##### Input for this task #####

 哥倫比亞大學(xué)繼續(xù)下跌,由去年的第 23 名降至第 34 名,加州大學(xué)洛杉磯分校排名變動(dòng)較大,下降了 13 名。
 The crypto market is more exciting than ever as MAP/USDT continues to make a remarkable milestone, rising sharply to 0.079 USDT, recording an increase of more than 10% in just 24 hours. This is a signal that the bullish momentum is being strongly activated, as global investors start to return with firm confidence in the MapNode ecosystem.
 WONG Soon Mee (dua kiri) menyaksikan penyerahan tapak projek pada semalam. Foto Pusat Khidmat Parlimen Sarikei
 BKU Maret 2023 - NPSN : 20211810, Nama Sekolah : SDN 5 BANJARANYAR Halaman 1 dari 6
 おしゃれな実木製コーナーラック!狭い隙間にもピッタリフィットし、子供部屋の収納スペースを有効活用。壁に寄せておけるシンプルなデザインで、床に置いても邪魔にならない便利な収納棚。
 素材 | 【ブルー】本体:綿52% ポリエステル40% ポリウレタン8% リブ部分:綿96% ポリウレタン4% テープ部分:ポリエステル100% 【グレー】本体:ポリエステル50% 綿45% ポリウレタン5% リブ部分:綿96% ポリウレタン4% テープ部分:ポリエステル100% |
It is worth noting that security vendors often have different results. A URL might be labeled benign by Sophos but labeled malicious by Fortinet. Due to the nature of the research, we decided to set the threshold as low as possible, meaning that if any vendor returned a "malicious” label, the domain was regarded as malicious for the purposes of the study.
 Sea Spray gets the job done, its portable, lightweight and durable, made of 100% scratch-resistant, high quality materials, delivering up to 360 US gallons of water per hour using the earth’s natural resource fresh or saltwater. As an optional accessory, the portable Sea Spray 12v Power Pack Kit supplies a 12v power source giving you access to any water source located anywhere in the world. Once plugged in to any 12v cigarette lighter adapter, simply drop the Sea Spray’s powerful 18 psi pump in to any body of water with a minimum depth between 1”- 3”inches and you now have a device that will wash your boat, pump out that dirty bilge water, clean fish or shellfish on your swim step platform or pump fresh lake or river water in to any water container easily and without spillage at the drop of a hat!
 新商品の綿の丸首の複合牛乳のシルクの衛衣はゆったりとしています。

#####

[Exercise brief]
The output should be exactly the lines above from the line containing "WONG Soon Mee" to the line containing "It is worth", inclusive, with no other lines.

[Output for this exercise]
 WONG Soon Mee (dua kiri) menyaksikan penyerahan tapak projek pada semalam. Foto Pusat Khidmat Parlimen Sarikei
 BKU Maret 2023 - NPSN : 20211810, Nama Sekolah : SDN 5 BANJARANYAR Halaman 1 dari 6
 おしゃれな実木製コーナーラック!狭い隙間にもピッタリフィットし、子供部屋の収納スペースを有効活用。壁に寄せておけるシンプルなデザインで、床に置いても邪魔にならない便利な収納棚。
 素材 | 【ブルー】本体:綿52% ポリエステル40% ポリウレタン8% リブ部分:綿96% ポリウレタン4% テープ部分:ポリエステル100% 【グレー】本体:ポリエステル50% 綿45% ポリウレタン5% リブ部分:綿96% ポリウレタン4% テープ部分:ポリエステル100% |
It is worth noting that security vendors often have different results. A URL might be labeled benign by Sophos but labeled malicious by Fortinet. Due to the nature of the research, we decided to set the threshold as low as possible, meaning that if any vendor returned a "malicious” label, the domain was regarded as malicious for the purposes of the study.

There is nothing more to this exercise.